In the stock market, the morning star is a K-line combination form composed of three K-lines, which is a form in which the market bottoms out and turns. If this pattern appears in a downtrend, attention should be paid, because at this time the trend has issued a relatively clear reversal signal, which is a very good time to buy.
The K-line form of the morning star generally appears at the end of the downtrend, which is a strong trend reversal signal. Cautious investors can analyze the trading volume and other indicators to obtain the corresponding investment reference. In the stock market, the “morning star” on the K-line chart indicates that the downtrend will end, and the market is on the eve of rising.
The morning star is generally composed of 3 K lines for 3 trading days:
On the first day, the stock price continued to fall, and a huge negative line appeared due to panic selling, and the general trend was not good;
On the second day, the gap went down, but the decline was not large, and the real part was shorter, forming the main part of the star. The part that constitutes the star can be either a negative line or a positive line;
On the third day, a long Yang line rose from the ground, and the price recovered most of the losses of the first day, and the market sent a clear bullish signal.
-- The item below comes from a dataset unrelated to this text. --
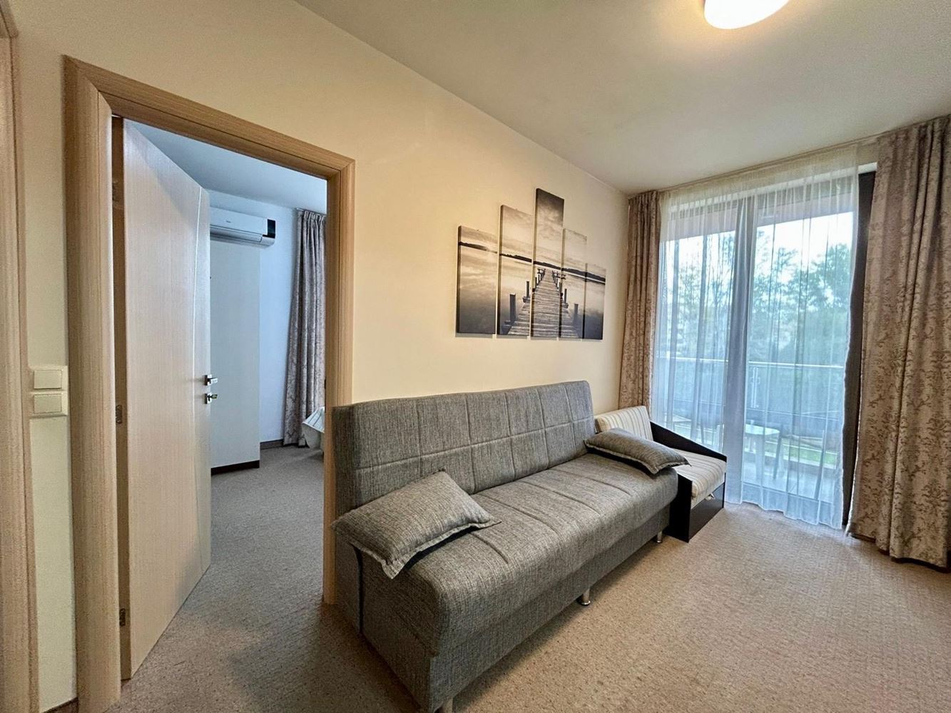 Планировка продумана до мелочей: светлая гостиная с кухней и обеденной зоной, приветливая спальня, современная ванная комната и приятный балкон с видом на зелёные насаждения комплекса – идеальное место для утреннего кофе и отдыха. Квартира продаётся полностью меблированной и оснащённой бытовой техникой, в отличном состоянии – готова к немедленному использованию без дополнительных вложений.

This is a candlestick combination pattern that shows the market bottoming out after revelation. It consists of 3 K-lines. First, a long black candlestick appears in a downtrend, and then the price continues to fall in the subsequent trading days, but the distance between the opening price and the closing price narrows (the price range narrows) to form a star, and the candle body itself can be a white candlestick or black candlesticks. A long white candlestick appeared on the third trading day and returned to the range of the first candlestick.
The morphological characteristics of the morning star: the first day is a big Yin Xian, the second day is a small Yin Xian with a downward gap, and the third day is a Yang Xian.